Clinically Insane
by Cordys-Vision
Summary: None of them knew what it was like to be clinically insane. None of them, not a single one of them knew what it was like to have Lord Voldemort inside of your head On. A. Daily. Basis.


**Disclaimer: I do not own Harry Potter, or any of its characters. If I did, why would I be writing fanfiction? Credit: J.K. Rowling. **

**A/N: Hello, Hello, I wrote this at like 2 in the morning one night and I just forgot to post it but I am super curious as to what you guys things. Warning…it's a little dark and I guess you can call it OOC but I always thought Harry would be completely insane after all the ridiculous things that happened to him. Also. Cedric Diggory is alive, he plays not a huge significant role, but I really like him so I threw him in here. Okay. That's all. Reviews are wonderful. Please and thank you in advance. **

None of them knew what it was like to be clinically insane. None of them, not a single one of them knew what it was like to have Lord Voldemort inside of your head On. A. Daily. Basis. I couldn't understand why they bothered to visit anymore. I hadn't spoken actual English to them in 3 years. I hadn't spoken to them in any other language either. I wasn't just clinically insane, but I was mute. Or at least that's what everyone else would tell you. The story is one for the history books. I remembered the first time I'd heard someone tell the story out loud…
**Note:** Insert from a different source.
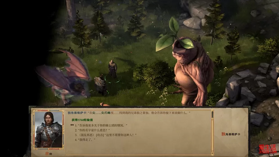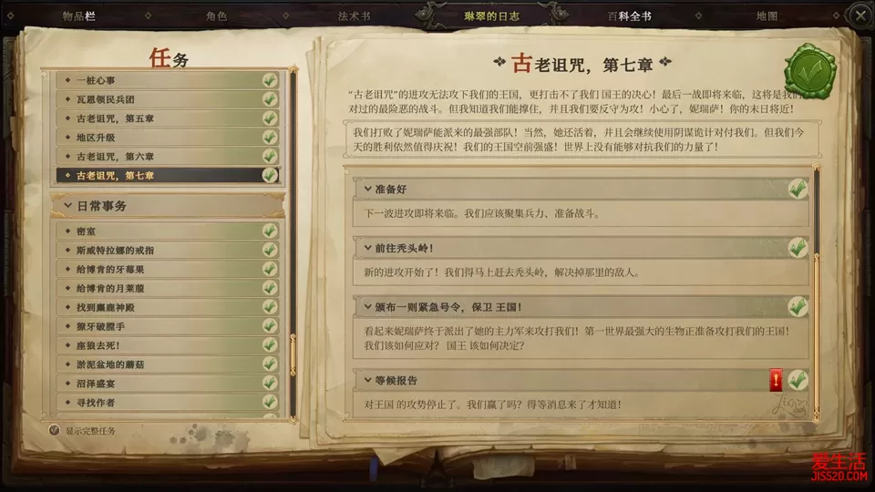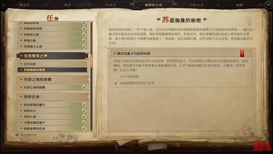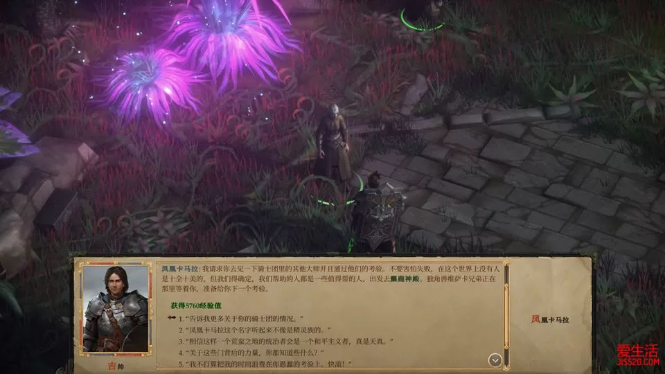 游戏评价/序章 踏上荣耀的第一步 第一章 失窃之地(1) 第一章 失窃之地(2) 第二章 巨魔之乱(1) 第二章 巨魔之乱(2) 第二章 巨魔之乱(3) 第二章 巨魔之乱(4) 第三章 开花季节(1) 第三章 开花季节(2) 第三章 开花季节(3) 第四章 瓦恩领失踪事件(1) 第四章 瓦恩领失踪事件(2) 第四章 瓦恩领失踪事件(3) 第五章 重生的军阀(1) 第五章 重生的军阀(2) 第五章 重生的军阀(3) 第六章 河流诸王之战(1) 第六章 河流诸王之战(2) 第六章 河流诸王之战(3) 第六章 河流诸王之战(4) 第七章 无尽哭号之声(1) 七章 无尽哭号之声(2) 第八章 被诅咒的国王 第七章 无尽哭号之声 如果上一章没能达成王国全数值十级,那这一章就不要管了,因为王国管理会不断刷事件降低王国数值,上一章达不到这一章就更没可能达到,专心完成两个支线任务以及通关吧。 游戏从头到尾一直受到尼瑞莎的进攻,现在是时候反攻了,目的地就在最西边的刀锋城堡,从皮塔克斯过去要一天的时间,这里就是通向尼瑞莎第一世界的入口。 这里有两个任务,一个是左下角的苏蓝珈蔓的秘密,还有一个是地图中间的第一王冠 苏蓝珈蔓的秘密比较折腾人,一群自称什么骑士团的人要考验主角团队,第一个人的考验是对话中的技能检定,存好记录再对话肯定能通过。 第二个考验在麋鹿神殿左上方,要求在一定时间内扛住三个怪物的攻击,但不能杀死怪物,用AC很高的人比如瓦尔瑞可以轻松扛过去。 第三个考验在尖爪峰顶部,老鹰巢穴右边,以前去过,上去之后和考验的人对话即可。 最后回到刀锋城堡,第三个考验的人就等在这里,对话后去找第四个考验的人,他的初始位置在地图左边一个有宝箱的塔下面,他会提问题,答对就通过。 这些问题的答案全部在几个考验者的对话里出现过,当然没有谁会去记这些东西,所以就把答案直接列举,考验者会从这些问题中随机选三个。教师阿瓦洛出生在(来自于)“迦摩睿”;在“阿斯菲尔森林”冥想;教师阿瓦洛寻求真理时做了“组织关于信仰的辩论”;骑士团的名字叫“英雄之道”;教授的是哲学是“智者之道”;不教授任何武术技巧;英雄之道是“让这个世界变得更美好”;骑士团的主神殿在“乌有之地”;骑士团崇拜“艾斯若提、雪琳、莎恩芮、阿巴达、易洛理”等善和秩序之神;骑士团大师有“凤凰、独角兽、狼、狮、蜥蜴”; 对话后他会往下走,跟上去,所有考验的人都会在最初的位置等着,最后判定主角通过考验,给一个一般般的头盔。 现在做第二个任务第一王冠。到达地图中央后,会看到两个人在战斗,一个叫蠕虫人,一个叫扭曲女巫,都是尼瑞莎的手下,他们在争夺一个叫第一王冠的宝物。 当这两个人战斗的时候不要上去插手,他们打一会就走了,这时一个叫众者塞卡的人出现,自称来自四维时空,可以看透主角生命长河的每一刻,此时希望主角可以找到第一王冠的三个碎片给他 任务本身毫无难度,但是如何选择关系到经验值的多少。首先从接任务的地方往右,再往南会遇到几个树人,和树人对话,用唬骗检定直接拿到第一个王冠碎片,经验值最高。 然后往北,看到猎人法尔德洛克斯在指挥一群上古紫虫拆塔,和他对话,选唬骗45的选项有6万多经验,一定要记录之后再对话。干掉猎人和紫虫之后在塔下可以找到第二个第一王冠碎片。 第三个王冠碎片就在这条路继续往左,一个叫萨林尕达法的人被峭壁蛇龙围困,帮他干掉峭壁蛇龙,然后问王冠的事情,原来王冠碎片被刚刚这只峭壁蛇龙吃了,直接搜刮就能找到。 碎片全部拿到之后,一个王者的灵魂出现,他就是被尼瑞莎毁掉的第一任国王,对他说实话,问如何对付尼瑞莎,最后同意把他释放,这个王冠就可以每天用来召唤一次强力打手。 之后回去找众者塞卡交任务,任何选项都可以完成任务,但是建议直接选要自己保留,这样能解开整个游戏最后一个诅咒研究,第一王冠,还保留了每天召唤一次的强力打手 如果是按照攻略玩的,此时应该早已满足13个诅咒研究的要求了,最后一个诅咒就不用研究了,等研究好游戏早已通关,所以就这样吧,准备进入尼瑞莎最后的城堡,入口就在这张地图中央,遇见萨林尕达法的位置右边 注意,建议进去之前,先做一些准备,因为进入尼瑞莎城堡之后就没法休息了,所有魔法和损耗都无法回复,虽然难度不大,但是无法回复真的很麻烦 可以回一趟主城,装备整理好后把不需要的东西卖掉,再把所有回复卷轴、回复药,尤其是复原术卷轴、复活卷轴全买了,如果想追求成就的,还要凑够200万金币(准确的说是170万),然后再回刀锋城堡,一路杀到中央入口。中央入口处有一群死魂精,还有尼瑞莎的手下魔角猎人和一只次等炸脖龙守着,都干掉之后,就可以进入传送口。 进入时空漩涡时,众人失散了 主角一个人在第一世界醒来,尼瑞莎的表妹伊文德拉按照约定赶来,告诉主角这里是时间边缘的城堡,尼瑞莎把所有队友全都抓走了。临行前,伊文德拉给了主角一个灯笼,如果对前面的游戏有印象,应该知道,这个灯笼佩戴与否,可以让主角在两个时间维度之间穿越 下面就可以出发去找回队友了,这里不用担心,只要是按照攻略进行的,所有队友都会安然无恙,除了…… |

"_Well, it was that school I tell you. Hogwarts. It wasn't good for him; they should've kept him living with those muggles I tell you. Kept him away from all that. I mean, did you hear? He-Who-Must-Not-Be-Named, was actually planting things in his head? Oh, the poor thing. Having to hear his mother's screaming voice every time a dementor got near…"_

I remember that it was a nurse. A pretty blonde nurse. She changed the bed sheets all the time, and brought me extra cookies when she could get them from the kitchens. I liked her. Her name was Doris.

"_That in itself is enough to drive anyone insane. That wasn't even it though Angela, You know that girl, Ang? The redhead? Well, word has it she completely broke his heart, days before he found out that he had to battle You-Know-Who all on his own. Oh Angela, could you imagine? According to the newspaper they were deeply in love. And then…he did what he had to. He got rid of You-Know-Who…god bless him. But he still hears him. In his head. Angela could you imagine? He hasn't SPOKEN in years. Too afraid to speak…I don't even know if he understands me…I just try to make it a little better for him. I bring him some extra stuff every now and then…He's a sweet boy." _

I'd heard that story several different times from several different mouths over the years. It all meant the same exact thing. I was now clinically insane. Mute. And everyone felt sorry for me. They all visited. Like packrats. Sucking off the energy I still had left. I was in a padded cell for crying out loud and they couldn't even leave me in solitude then. What did I have to do to get quiet? Die? Tried that. I just happened to be quicker then the most dangerous wizard of all time. My bad.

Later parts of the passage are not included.